Listed records ▸
*** Block opens ***

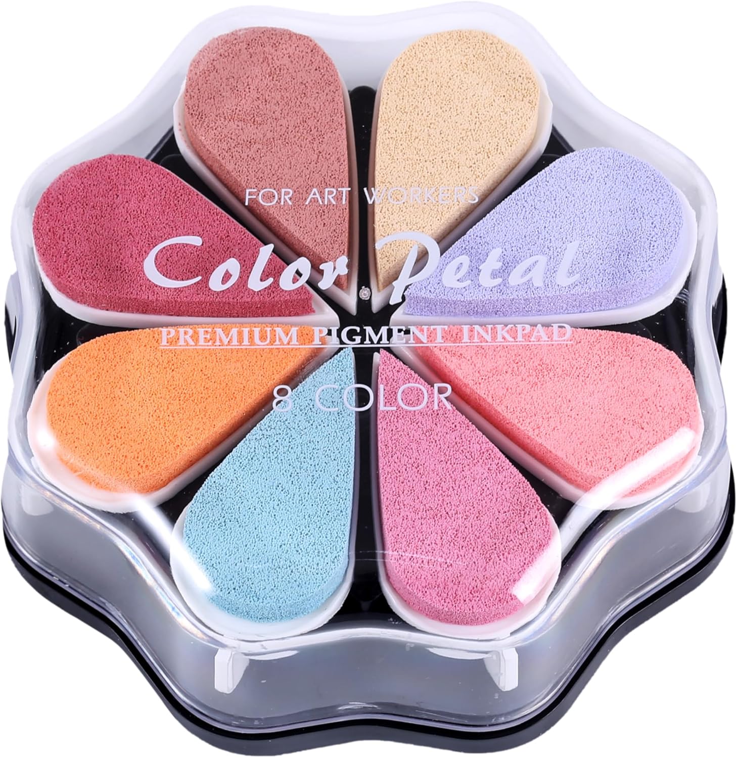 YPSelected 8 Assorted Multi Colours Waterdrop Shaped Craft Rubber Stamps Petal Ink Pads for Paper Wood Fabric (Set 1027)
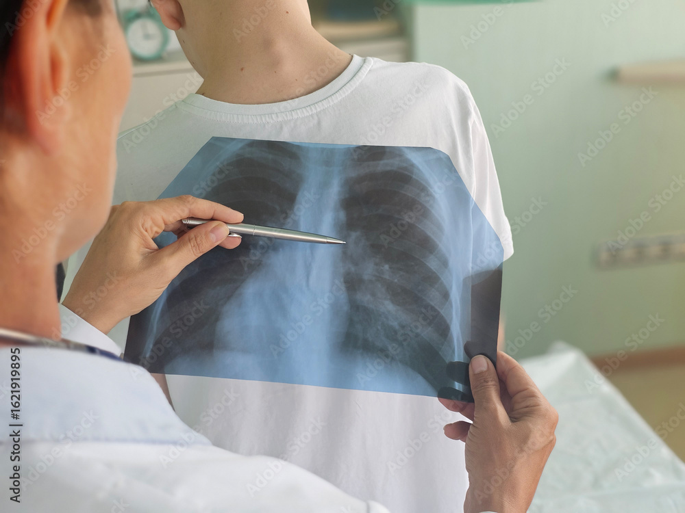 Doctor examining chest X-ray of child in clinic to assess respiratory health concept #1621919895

*** Block closes ***
*** Block opens ***

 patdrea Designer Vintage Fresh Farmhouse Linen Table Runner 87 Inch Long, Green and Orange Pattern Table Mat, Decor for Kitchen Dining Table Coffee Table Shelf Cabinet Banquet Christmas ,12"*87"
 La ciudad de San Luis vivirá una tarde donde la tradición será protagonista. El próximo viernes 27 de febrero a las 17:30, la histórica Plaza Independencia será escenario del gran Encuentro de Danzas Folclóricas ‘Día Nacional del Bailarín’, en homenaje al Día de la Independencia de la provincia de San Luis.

*** Block closes ***
*** Block opens ***

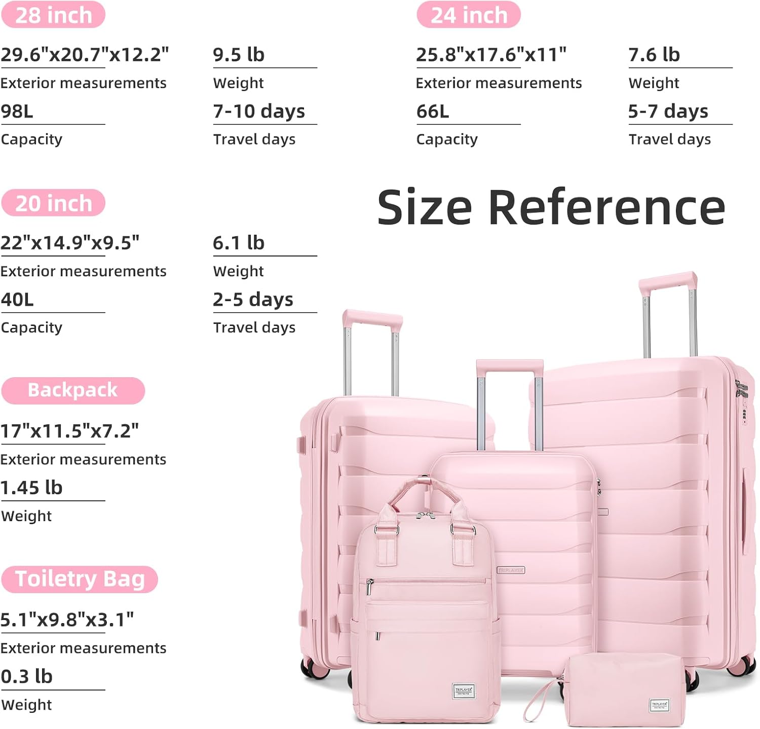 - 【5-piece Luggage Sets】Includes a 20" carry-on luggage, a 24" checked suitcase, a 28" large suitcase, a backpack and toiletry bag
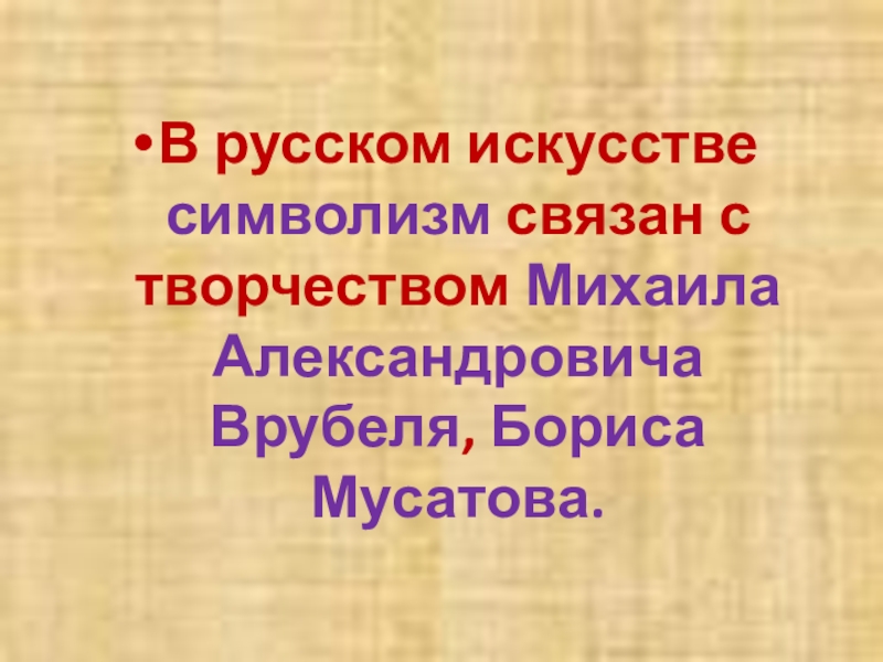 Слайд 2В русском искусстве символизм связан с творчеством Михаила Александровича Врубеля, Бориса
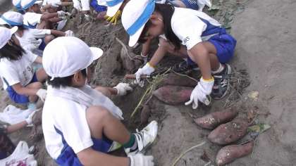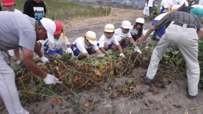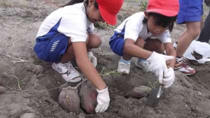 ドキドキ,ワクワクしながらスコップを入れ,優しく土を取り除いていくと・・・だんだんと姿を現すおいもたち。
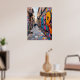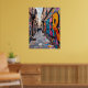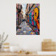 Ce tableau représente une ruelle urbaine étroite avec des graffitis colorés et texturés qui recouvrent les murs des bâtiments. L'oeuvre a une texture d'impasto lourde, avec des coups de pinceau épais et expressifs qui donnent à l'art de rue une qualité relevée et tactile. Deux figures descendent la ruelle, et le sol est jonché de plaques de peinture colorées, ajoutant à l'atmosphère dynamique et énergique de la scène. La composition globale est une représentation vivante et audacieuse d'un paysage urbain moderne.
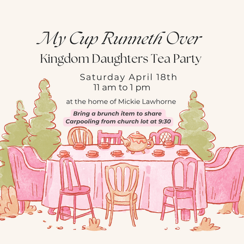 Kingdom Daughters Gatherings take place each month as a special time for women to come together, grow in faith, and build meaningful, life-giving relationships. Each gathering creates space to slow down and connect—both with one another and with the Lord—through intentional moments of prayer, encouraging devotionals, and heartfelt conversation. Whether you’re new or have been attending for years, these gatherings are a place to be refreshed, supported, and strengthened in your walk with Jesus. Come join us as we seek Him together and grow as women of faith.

*** Block closes ***

What the task requires ▸ Restate word for word the lines of the data above that begin at the line with "ドキドキ,ワクワクしながらス" and end at the line with "Ce tableau représente", keeping both ends and dropping every picture.

Solution to the exercise ▸
 ドキドキ,ワクワクしながらスコップを入れ,優しく土を取り除いていくと・・・だんだんと姿を現すおいもたち。
 Ce tableau représente une ruelle urbaine étroite avec des graffitis colorés et texturés qui recouvrent les murs des bâtiments. L'oeuvre a une texture d'impasto lourde, avec des coups de pinceau épais et expressifs qui donnent à l'art de rue une qualité relevée et tactile. Deux figures descendent la ruelle, et le sol est jonché de plaques de peinture colorées, ajoutant à l'atmosphère dynamique et énergique de la scène. La composition globale est une représentation vivante et audacieuse d'un paysage urbain moderne.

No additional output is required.